● To do
Your task is to retype the lines from the opening of the material through the line that includes "- Initialpasswort selbst". Do not copy the pictures.
Provided data section start
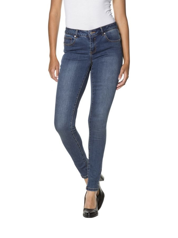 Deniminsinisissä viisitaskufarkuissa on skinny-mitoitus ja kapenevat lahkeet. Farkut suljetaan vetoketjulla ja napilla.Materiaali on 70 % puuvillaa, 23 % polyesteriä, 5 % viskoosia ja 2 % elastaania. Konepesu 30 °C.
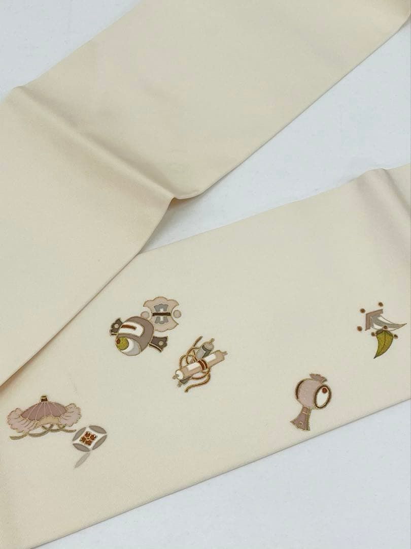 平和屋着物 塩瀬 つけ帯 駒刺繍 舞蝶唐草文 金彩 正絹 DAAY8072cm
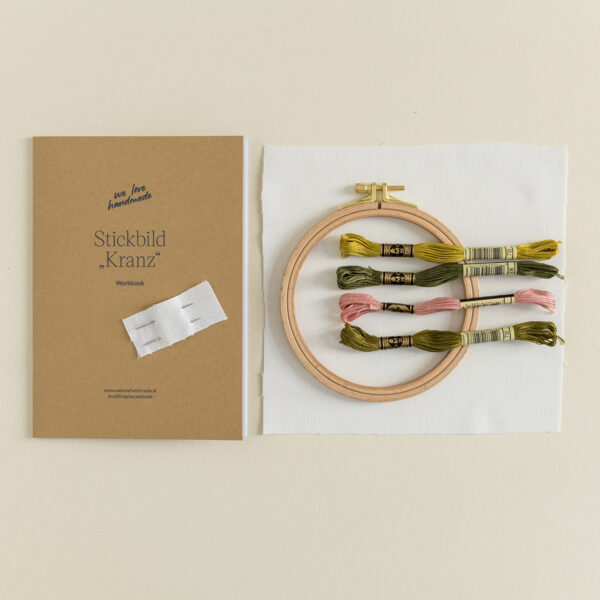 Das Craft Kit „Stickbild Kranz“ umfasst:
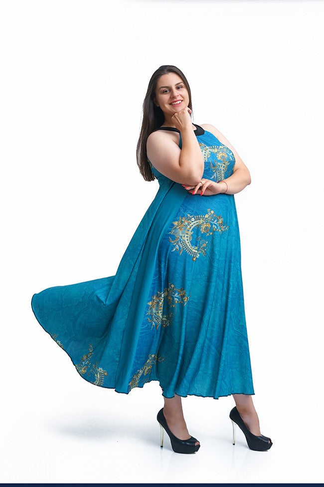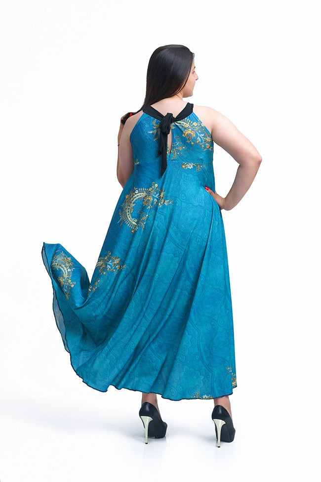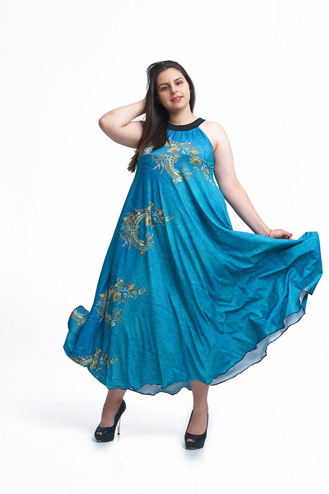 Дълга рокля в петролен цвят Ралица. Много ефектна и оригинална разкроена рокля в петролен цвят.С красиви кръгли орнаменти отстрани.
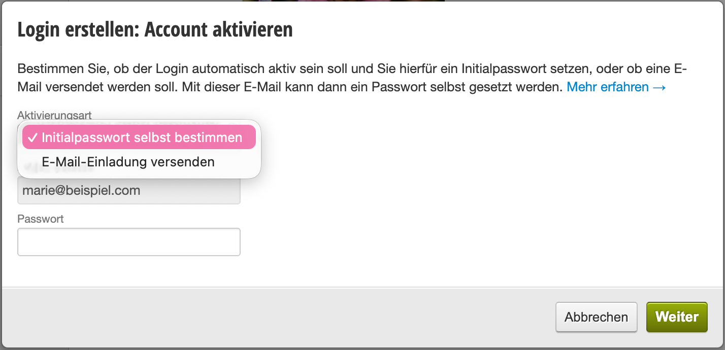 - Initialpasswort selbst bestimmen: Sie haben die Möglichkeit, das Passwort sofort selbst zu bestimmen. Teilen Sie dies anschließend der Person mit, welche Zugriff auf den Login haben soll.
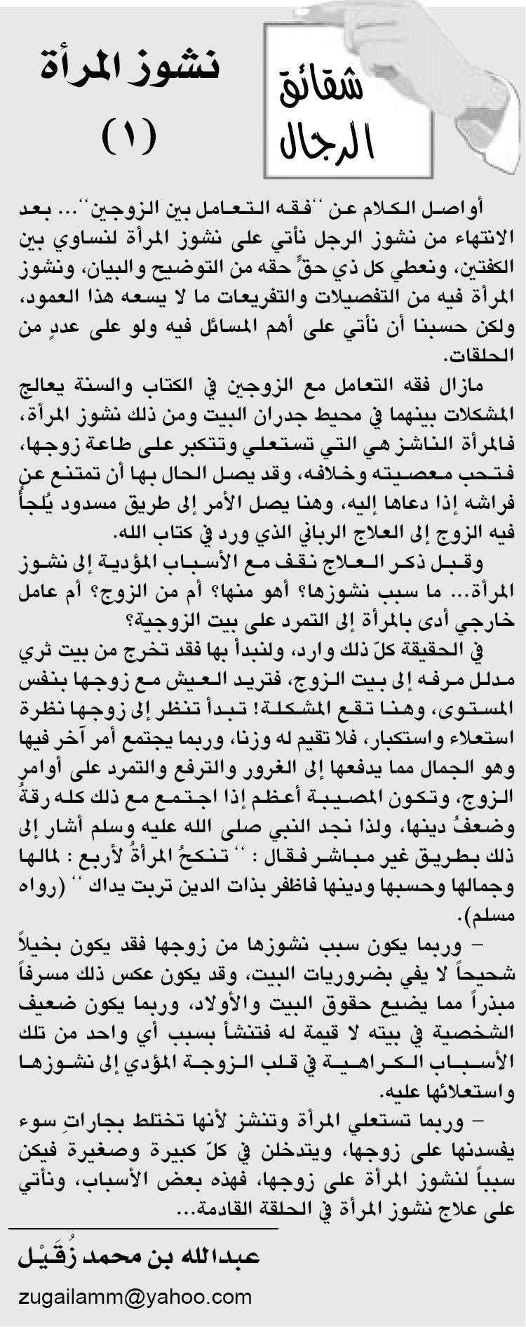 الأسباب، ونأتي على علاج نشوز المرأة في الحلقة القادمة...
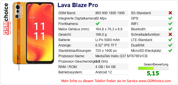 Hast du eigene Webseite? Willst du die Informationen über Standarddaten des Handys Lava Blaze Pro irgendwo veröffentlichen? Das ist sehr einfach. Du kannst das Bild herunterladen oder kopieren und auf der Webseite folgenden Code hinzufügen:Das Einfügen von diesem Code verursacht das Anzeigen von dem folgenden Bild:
Provided data section end
● Response to the exercise
 Deniminsinisissä viisitaskufarkuissa on skinny-mitoitus ja kapenevat lahkeet. Farkut suljetaan vetoketjulla ja napilla.Materiaali on 70 % puuvillaa, 23 % polyesteriä, 5 % viskoosia ja 2 % elastaania. Konepesu 30 °C.
 平和屋着物 塩瀬 つけ帯 駒刺繍 舞蝶唐草文 金彩 正絹 DAAY8072cm
 Das Craft Kit „Stickbild Kranz“ umfasst:
 Дълга рокля в петролен цвят Ралица. Много ефектна и оригинална разкроена рокля в петролен цвят.С красиви кръгли орнаменти отстрани.
 - Initialpasswort selbst bestimmen: Sie haben die Möglichkeit, das Passwort sofort selbst zu bestimmen. Teilen Sie dies anschließend der Person mit, welche Zugriff auf den Login haben soll.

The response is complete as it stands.